I've written previously about the general problems with the application-centric view of software. Here I'm going to discuss a specific example. First, some background, from my earlier post:
Applications are bad enough in that they trap potentially useful building blocks for larger program ideas behind artificial barriers, but they fail at even their stated purpose of providing an 'intuitive' interface to whatever fixed set of actions and functionality its creators have imagined. Here is why: the problem is that for all but the simplest applications, there are multiple contexts within the application and there needs to be a cohesive story for how to present only 'appropriate' actions to the user and prevent nonsensical combinations based on context. This becomes serious business as the total number of actions offered by an application grows and the set of possible actions and contexts grows. As an example, if I just have selected a message in my inbox (this is a 'context'), the 'send' action should not be available, but if I am editing a draft of a message it should be. Likewise, if I have just selected some text, the 'apply Kodachrome style retro filter' action should not be available, since that only makes sense applied to a picture of some sort.
These are just silly examples, but real applications will have many more actions to organize and present to users in a context-sensitive way. Unfortunately, the way 'applications' tend to do this is with various ad hoc approaches that don't scale very well as more functionality is added--generally, they allow only a fixed set of contexts, and they hardcode what actions are allowed in each context. ('Oh, the send function isn't available from the inbox screen? Okay, I won't add that option to this static menu'; 'Oh, only an integer is allowed here? Okay, I'll add some error checking to this text input') Hence the paradox: applications never seem to do everything we want (because by design they can only support a fixed set of contexts and because how to handle each context must be explicitly hardcoded), and yet we also can't seem to easily find the functionality they do support (because the set of contexts and allowed actions is arbitrary and unguessable in a complex application).

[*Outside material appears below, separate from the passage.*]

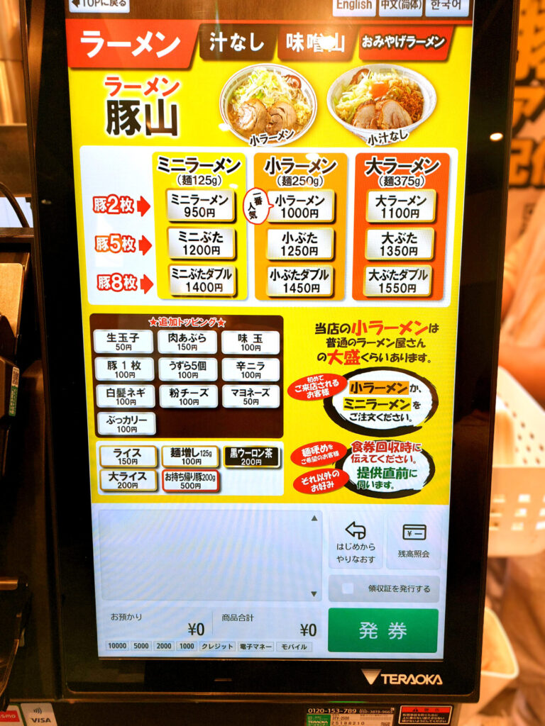 豚山 渋谷サクラステージ店の注文方法は、入店時にタッチパネル食券機で食券を購入するシステムです。

Today I was forced to edit a Microsoft Word document, containing comments (made by me, and by others) and tracked changes. I found myself wanting to delete all comments, and accept all tracked changes. It took a few minutes to figure out, and I very quickly gave up trying to actually discover the functionality within Word's actual UI and resorted to using Google. God help me if I wanted to, say, delete only comments made by me within the last ten days.
This problem isn't at all unique to Word, Word just happens to be a large application, and like all large apps it has no cohesive story for organizing all its functionality. There are menus with hundreds of entries, and toolbars. Of course, the designers of Word have tried to create some reasonable taxonomy for grouping these functions, but on some level the location of any one function is arbitrary and unguessable. It's the same thing in any complex application: Eclipse, IntelliJ, Photoshop, Illustrator, and so on, which is part of the reason why there's an entire subdivision of the publishing industry devoted to books explaining how to get things accomplished with these applications. Every single complex app is like a foreign language, with its own unique and arbitrary vocabulary and grammar, which must simply be memorized in order to become productive.

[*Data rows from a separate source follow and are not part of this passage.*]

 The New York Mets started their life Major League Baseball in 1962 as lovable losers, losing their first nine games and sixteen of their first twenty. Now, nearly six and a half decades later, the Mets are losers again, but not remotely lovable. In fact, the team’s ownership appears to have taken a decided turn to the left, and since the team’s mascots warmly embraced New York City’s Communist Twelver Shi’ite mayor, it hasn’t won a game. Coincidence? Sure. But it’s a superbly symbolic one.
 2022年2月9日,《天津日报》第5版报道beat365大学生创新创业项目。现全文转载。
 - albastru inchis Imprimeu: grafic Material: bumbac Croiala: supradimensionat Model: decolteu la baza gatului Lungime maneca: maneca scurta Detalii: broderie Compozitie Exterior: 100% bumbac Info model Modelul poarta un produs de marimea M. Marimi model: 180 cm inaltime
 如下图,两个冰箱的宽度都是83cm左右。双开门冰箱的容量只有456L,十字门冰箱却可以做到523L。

Nowadays, I think people try to write simpler applications than Word, with less functionality. This makes the UX problem more tractable while throwing the baby out with the bathwater. I want to be able to do complex things when I interact with some piece of software, I just also want all this complex functionality to be actually discoverable! Furthermore, it should be as obvious how to assemble functionality that didn't previously exist, using existing functions.
Type systems solve exactly this problem. Here's a sketch of how a type directed version of Word could work.
- I click on a comment. A status bar indicates that I have selected something of type
Comment. Now that I have a handle to this type, I then ask for functions of accepting a
List Comment. The delete comment function pops up, and I select it.
- The UI asks that I fill in the argument to the delete comment function. It knows the function expects a
List Commentand populates an autocomplete box with several entries, including an
all commentschoice. I select that, and hit
Apply. The comments are all deleted.
- If I want, I can insert a filter in between the call to
all commentsand the function to delete those comments. Of course, the UI is type directed--it knows that the input type to the filtering function must accept a
Comment, and prepopulates an autocomplete with common choices--by person, by date, etc.
What I (most likely) don't want is full text search through the documentation. That is a much too sloppy way of querying for the functions I want, and it's not nearly as seamless as the above.
I'm not necessarily advocating any particular presentation of the above interaction, though that is an interesting UX problem to solve. I'm just saying, this is the sort of discoverable, pleasing, logical interaction I want to have with software I use. The goal of software is to provide a kind of programming environment, and we ought to use the powerful tools of programming--namely type systems and type directed editing, to organize and unify that functionality that software allows users to interact with.